In a blog post by Lisa Spelman, CVP and GM of Intel’s Xeon and Memory Group, Intel is getting ahead of the news wave by announcing that additional validation time is being incorporated into the product development cycle to assist with top tier partners and customers to streamline optimizations and ultimately deployment. To that end, Intel is working with those top tier partners today with early silicon, typically ES0 or ES1 using Intel’s internal designations, with those partners helping validate the hardware for issues against their wide ranging workloads. As stated by former Intel CTO Mike Mayberry in the 2020 VLSI conference, Intel’s hyperscale partners end up testing 10-100x more use cases and edge cases than Intel can validate, so working with them becomes a critical part of the launch cycle.

As the validation continues, Intel works with its top tier partners for their specific monetizable goals and features that they’ve requested, so that when the time comes for production (Q1 2022) and ramp (Q2 2022), and a full public launch (1H 2022), those key partners are already benefiting from working close with Intel. Intel has stated that as more information about Sapphire Rapids becomes public, such as at upcoming events like Hot Chips in August or Intel’s own event in October, there will be a distinct focus on benchmarks and metrics that customers rely upon for monetizable work flows, which is in part what this cycle of deployment assists with.

Top tier partners getting early silicon 12 months in advance, and then deploying final silicon before launch, is nothing new. It happens for all server processors regardless of source, so when we finally get a proper public launch of a product, those hyperscalers and HPC customers have already had it for six months. In that time, those relationships allow the CPU vendors to optimize the final bits to which the general public/enterprise customers are often more sensitive.

It should be noted that a 2022 H1 launch of Sapphire Rapids hasn’t always been the date in presentations. In 2019, Ice Lake Xeon was a 2020 product and Sapphire Rapids was a 2021 product. Ice Lake slipped to 2021, but Intel was still promoting that it would be delivering Sapphire Rapids to the Aurora supercomputer by the end of 2021. In an Interview with Lisa Spelman in April this year, we asked about the close proximity of the delayed Ice Lake to Sapphire Rapids.
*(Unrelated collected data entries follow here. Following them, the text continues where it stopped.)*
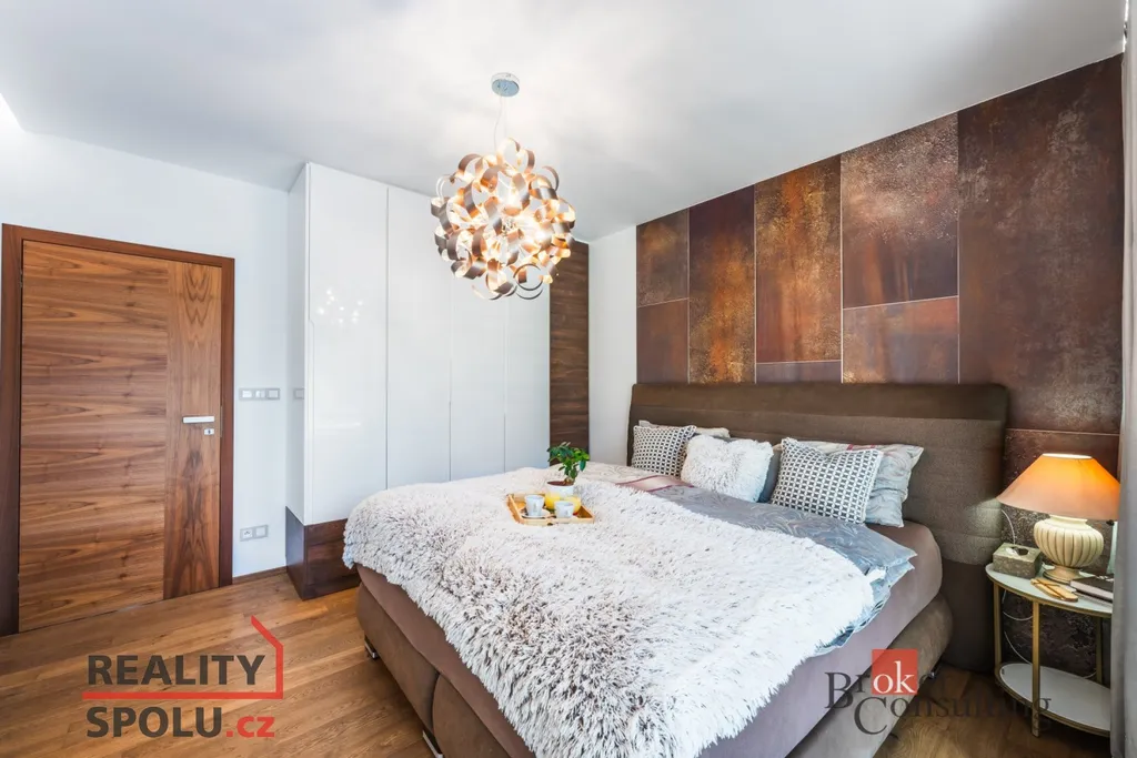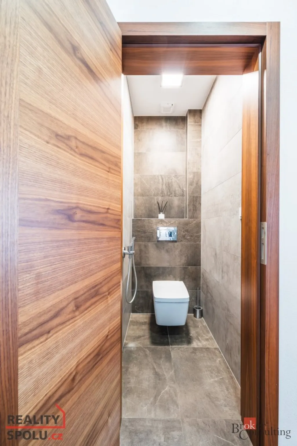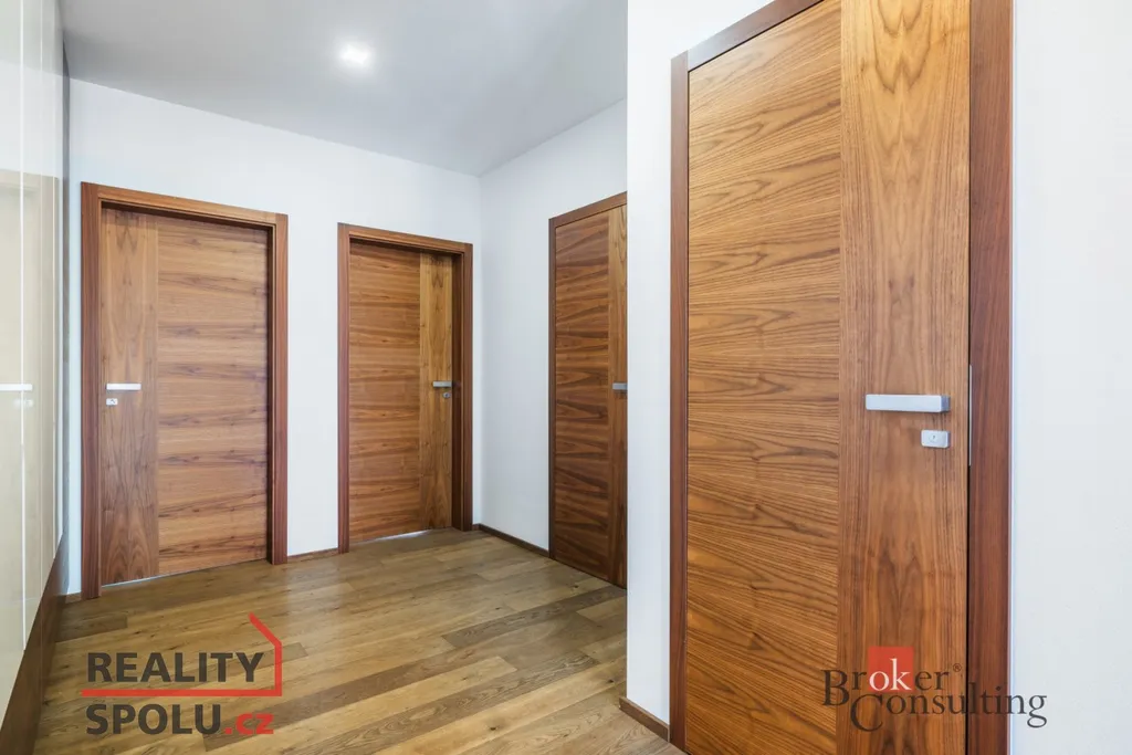 Po vstupu do domu Vás chodba zavede do dvou neprůchozích pokojů. Jeden z nich lze využít jako prostornou šatnu či ložnici, druhý je díky posuvným dveřím ideální jako pracovna, technická místnost nebo místo k relaxaci. Dále chodba pokračuje k samostatné toaletě s bidetovou sprškou a ke koupelně vybavené moderním sprchovým koutem a vanou. Zbývající dva neprůchozí pokoje jsou orientovány do zahrady a představují ideální volbu pro ložnice. Nabízejí nádherný výhled na bazén, jehož večerní odlesky jemně prosvětlují interiér a vytvářejí jedinečnou atmosféru klidu a luxusu.
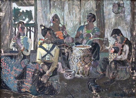 ![]() El cuadro "Ruou can” del pintor Ka Kha Sam
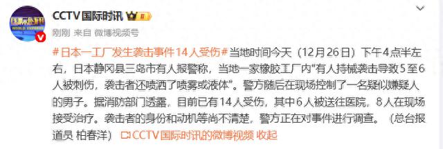 据@CCTV国际时讯,当地时间今天(12月26日)下午4点半左右,日本静冈县三岛市有人报警称,当地一家橡胶工厂内“有人持械袭击导致5至6人被刺伤,袭击者还喷洒了喷雾或液体”。
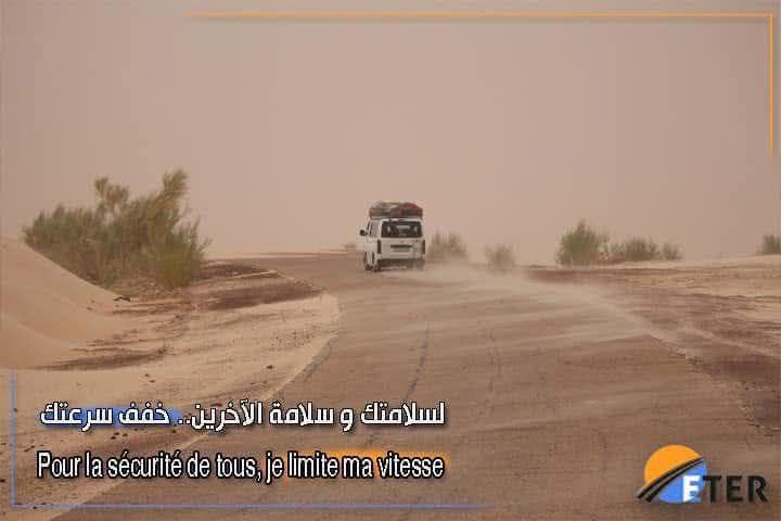 نبهت مؤسسة أشغال صيانة الطرق (ETER) إلى أن بعض المناطق شمالي البلاد، تشهد نشاطا ملحوظا للعواصف الرملية المصحوبة برياح قوية، مما يؤدي إلى تدن كبير في مدى الرؤية وصعوبة في التنقل.
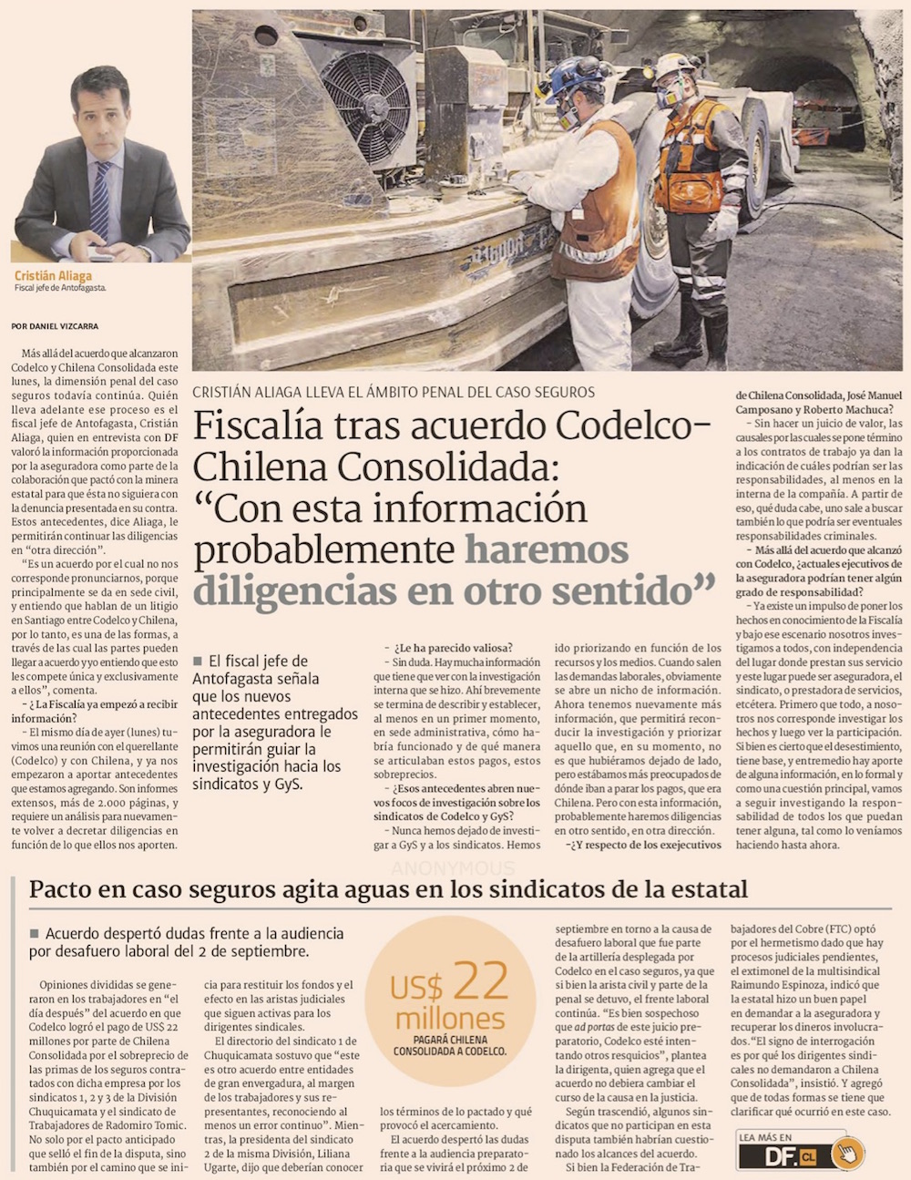 Los pendientes entre Codelco y Chilena Consolidada - (La Segunda)
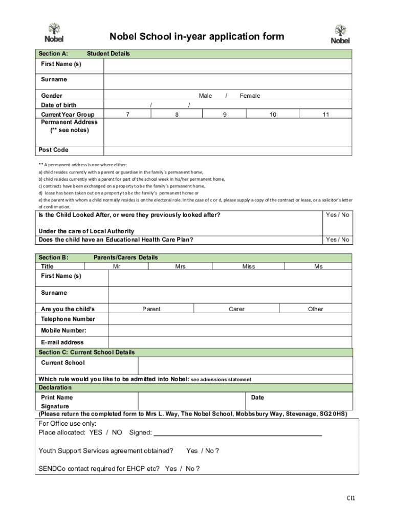 How to fill out nobel school application formdocx
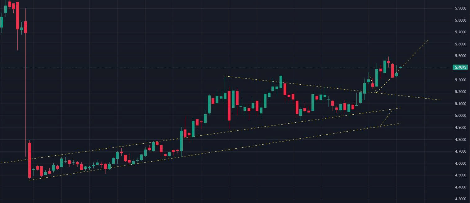 Phiên hôm nay, nếu duy trì dưới 5.415, dự báo giá tiếp tục kịch bản giảm và xuống vùng 5.35 – 5.36. Nếu tăng vượt 5.426, giá có thể lên quanh 5.48.
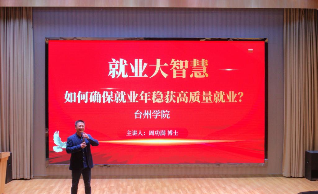 3月29日,校就业服务中心在椒江、临海两校区举办高质量就业训练营活动,邀请浙江师范大学副教授、硕士生导师周功满博士主讲,500余名学生参加。

Lisa stated that they expected a fast follow on with the two platforms - AnandTech is under the impression that because Aurora has been delayed repeatedly, and that the ‘end of 2021’ was a hard part of Intel’s latest contract with Argonne on the machine for key deliverables. At Computex 2021, Spelman announced in Intel’s keynote that Sapphire Rapids would be launching in 2022, and today’s announcement reiterates that. We expect general availability to be more within the end Q2/Q3 timeframe.

It’s still coming later than expected, however it does space the Ice Lake/Sapphire Rapids transition out a bit more. Whether this constitutes an additional delay depends on your perspective; Intel contends that it is nothing more than a validation extension, whereas we are aware that others may ascribe the commentary to something more fundamental, such as manufacturing. It's no secret that the level of manufacturing capacity Intel has for its 10nm process, or particularly 10nm ESF which is what Sapphire Rapids is built on, is not well known beyond ‘three ramping fabs’ announced earlier this year. Intel appears to be of the opinion that it makes sense for them  to work closer with their key hyperscaler and HPC customers, who account for 50-60%+ of all Xeons sold in the previous generation, as a priority before a wider market launch to focus on their monetizable workflows. (Yes, I realize I’ve said monetizable a few times now; ultimately it’s all a function revenue generation.)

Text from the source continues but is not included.